Het gebied wordt beheerd door Groengebied Amstelland.
Er zijn in de loop der tijden veel bomen geplant bedoeld voor de recreanten met als bijkomend voordeel dat elke geplante boom subsidie oplevert.
Het gebied biedt een kleurrijk uitzicht op vlakken met gele scherpe boterbloem rode zuring en paarsige grassen.
In de sloot staat riet dat zijn stevigheid ontleent aan de om elkaar geslagen bladeren. Op de plek van het tongetje zit een plukje haar; dat is een kenmerk voor riet.
De sloot is voedselrijk; de bodem bestaat zowel uit zee- als rivierklei met een licht zout aspect.
Hier groeien de grote en de kleine lisdodde ( de kleine heeft een smal blad en de aanwezigheid is een indicatie voor zout in de grond net als bij de zeebies). De lisdodde heeft een peul met zaden met een kurklaagje waardoor de zaden kunnen wegdrijven. Zodra de kurk vergaat zal het zaad zinken en elders nieuwe planten kunnen vormen.

We rijden bij de boezemsloot naar beneden. We komen op een terrein waar vroeger een boerderij stond. Er groeien veel bessen waaronder kruisbessen. (terzijde: de kruisbessenjam van Ikea is de moeite waard).
Verder staan er essen, ze groeien snel en recht omhoog en waren van belang voor de productie van hout.
Bij de ronde gasput haalt Carla een stokje door het water: het water “breekt” hetgeen erop duidt dat met het methaangas CH4 ijzer naar boven komt waar ijzerbacteriën zich aan tegoed doen. Met een brandende lucifer erbij is het bewijs voor het gas rond: de kalveren in de wei zijn stille getuigen. Als het regenboogkleurige vlies op het water niet van ijzerbacteriën afkomstig is maar van olie dan sluit het vlies zich meteen weer, en breekt niet.

Bij de put groeit:
-fluweelgras(Eng): de gestreepte witbol. Het onderste blad heeft witte strepen en kun je vergelijken met een ouderwetse herenpyjama. Het is niet aan te bevelen om gras als tandenstoker te gebruiken omdat er eencellige amoeben in bivakkeren. Op de plek waar het blad tevoorschijn komt zit een dun vliesje, dit is een tongetje. Het bloemetje heeft een kafje(soms naaldje). In de schaduw heeft het een grijswitte kleur en in de zon kleurt het roodachtig.
-ijle dravik, een sierlijk hangend frêle gras waarvan de knoop onbehaard is. De kafjes hebben lange kafnaalden.
-wilgenroosje: bloeit roze. De steel wordt wel als asperge gebruikt, prikkelt achter op de tong.
-kweepeer: de vruchten hebben een slordig uiterlijk. De kweepeer is na koken te eten. Dit geldt ook voor de kleine sierappels ( die hier overigens niet staan); deze geven een roze appelmoes.
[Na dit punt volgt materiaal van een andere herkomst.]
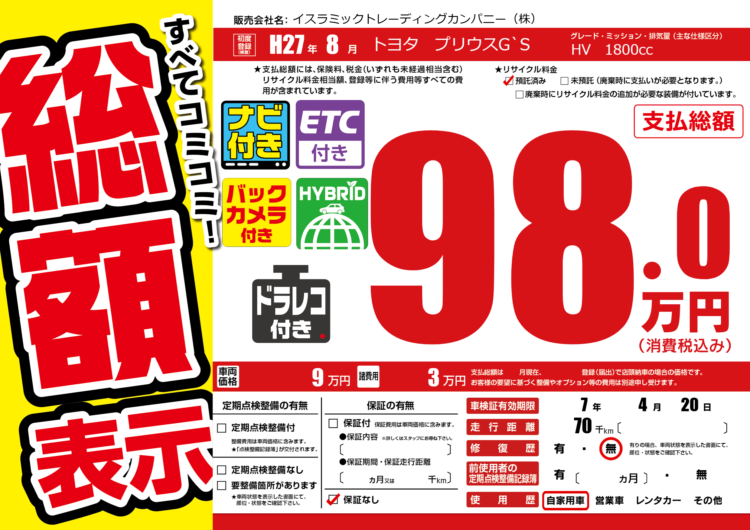 | 車名 | トヨタ プリウスG`S | グレード ミッション 排気量 |
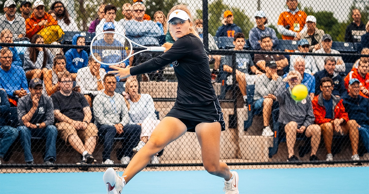 Texas began the evening winning the doubles to take the first point of the match. The Longhorns swept the doubles field.
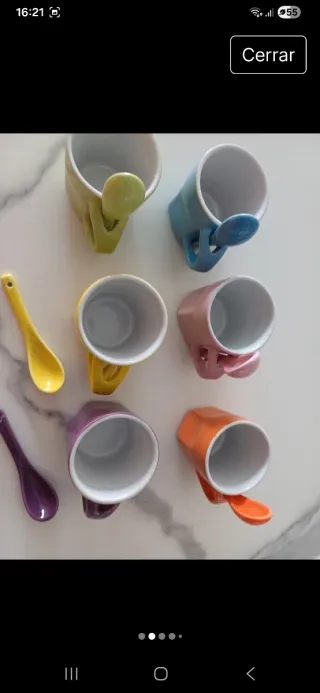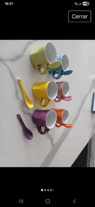 Conjunto de tazas de cerámica con cucharas a juego. Cada taza tiene un color vibrante y un diseño moderno. - Tazas de cerámica. - Incluye cucharas. - Colores variados.
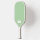 Personalised Custom-Designed Pickleball Paddle with mint green and white rectangle "sticker" emblem printed with your name and optional phone number contact information. Change the font and background colour to your favourites and never lose your spot at the court or confuse your paddle with anyone else's again! You will be the envy of the tournament with this unique paddle design.
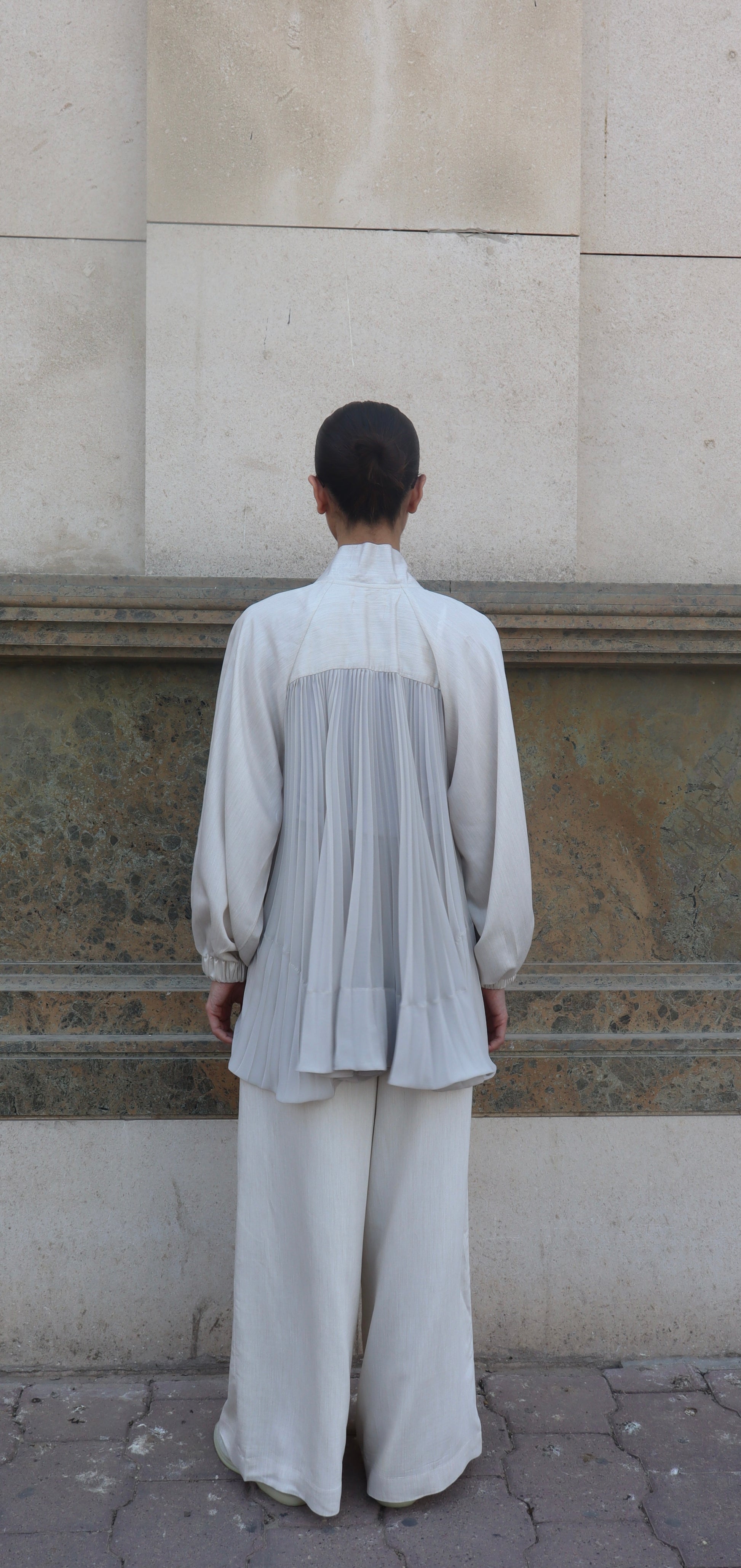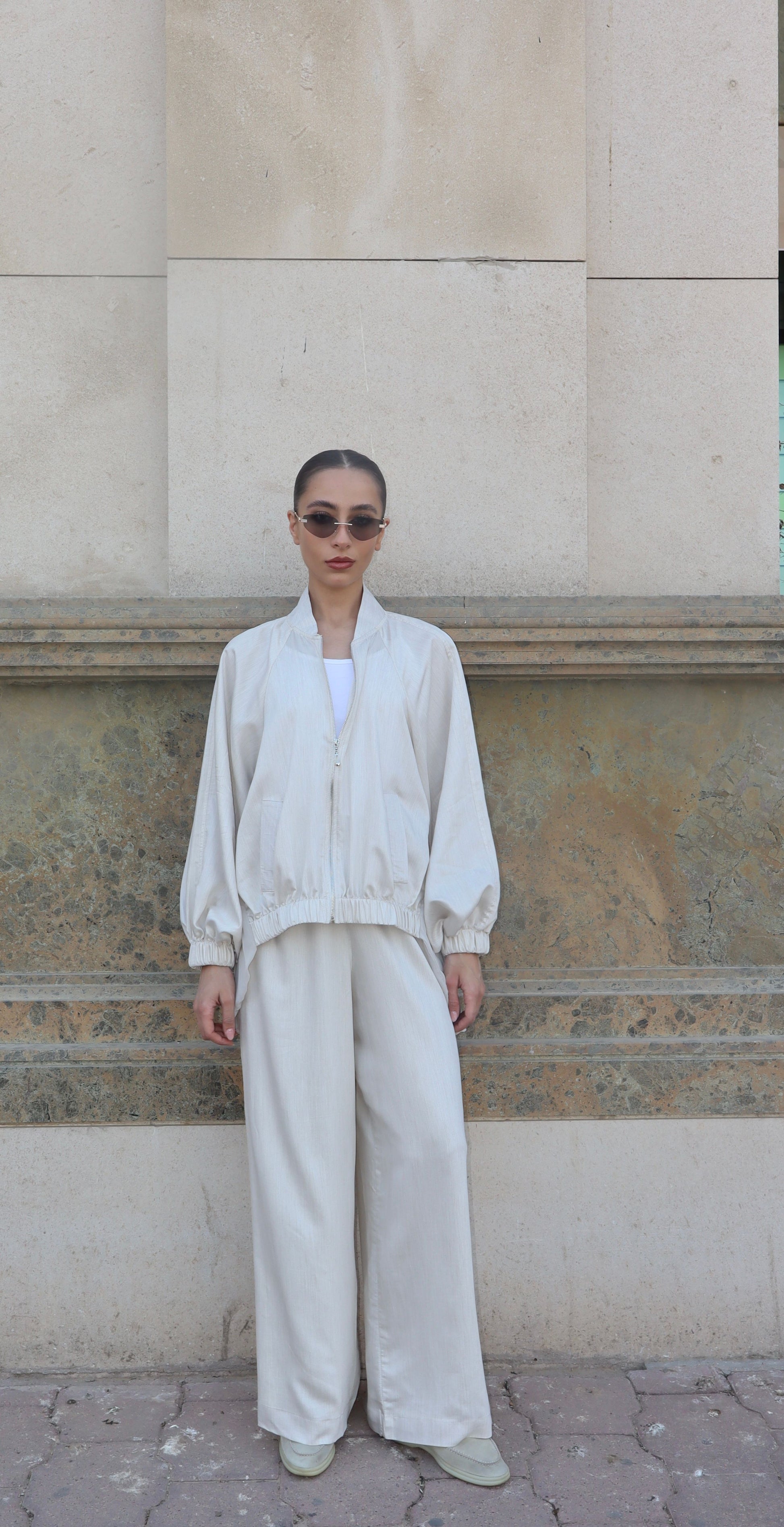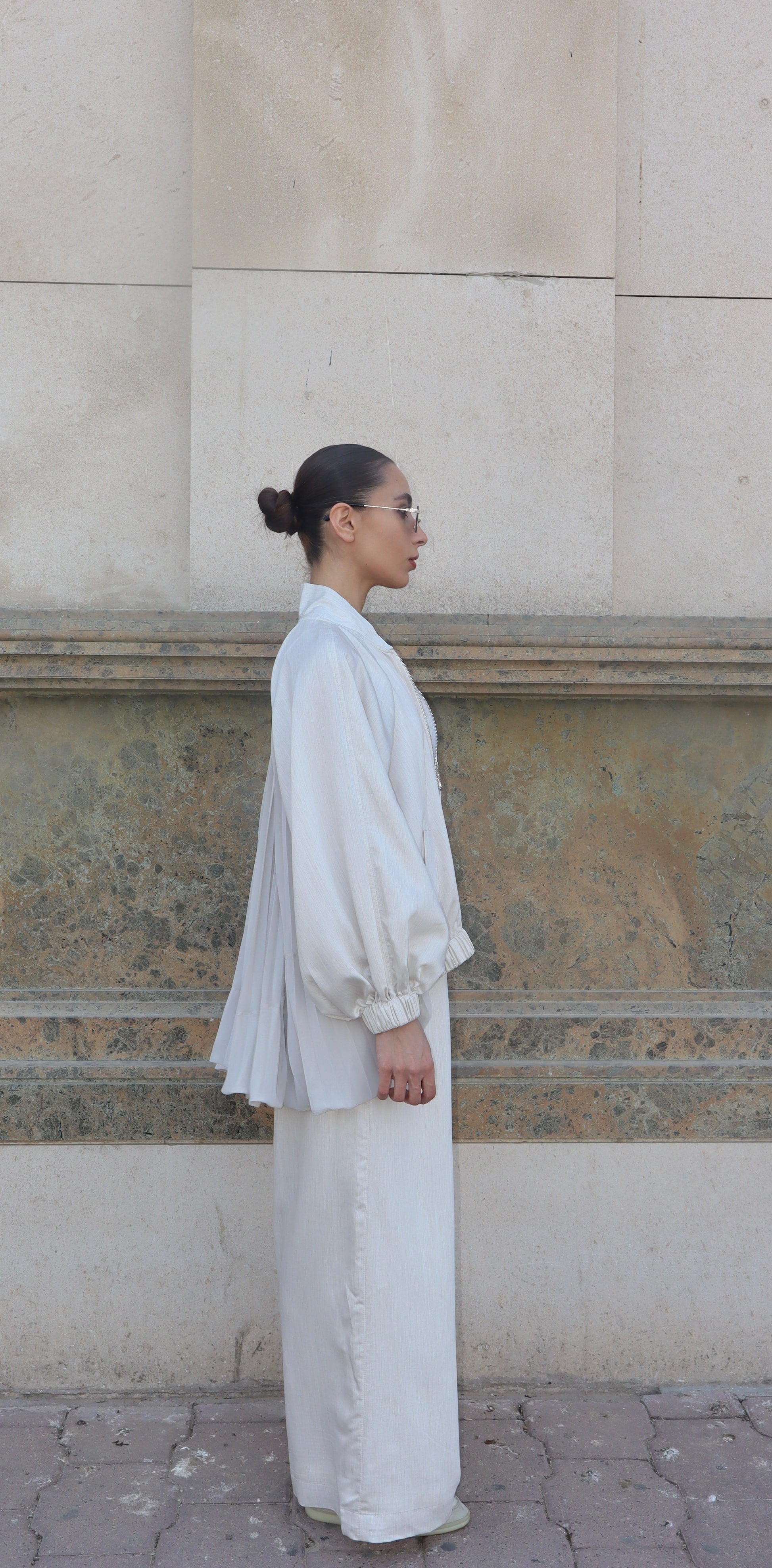 Relaxed-fit, wide-leg trousers with a Bomber jacket pleated on the back

Op het terrein is nog een rond poeltje waar flap, (geklitte drijvende algen) groeit. De bubbels op het water duiden op gas. Dit gebied is afgegraven tot de klei. We kunnen nu nog beter het bovenland zien, het voormalige land van het Burgerweeshuis. Hier liepen de koeien die het weeshuis van melk voorzagen. De melk werd per boot over de Amstel naar het weeshuis vervoerd.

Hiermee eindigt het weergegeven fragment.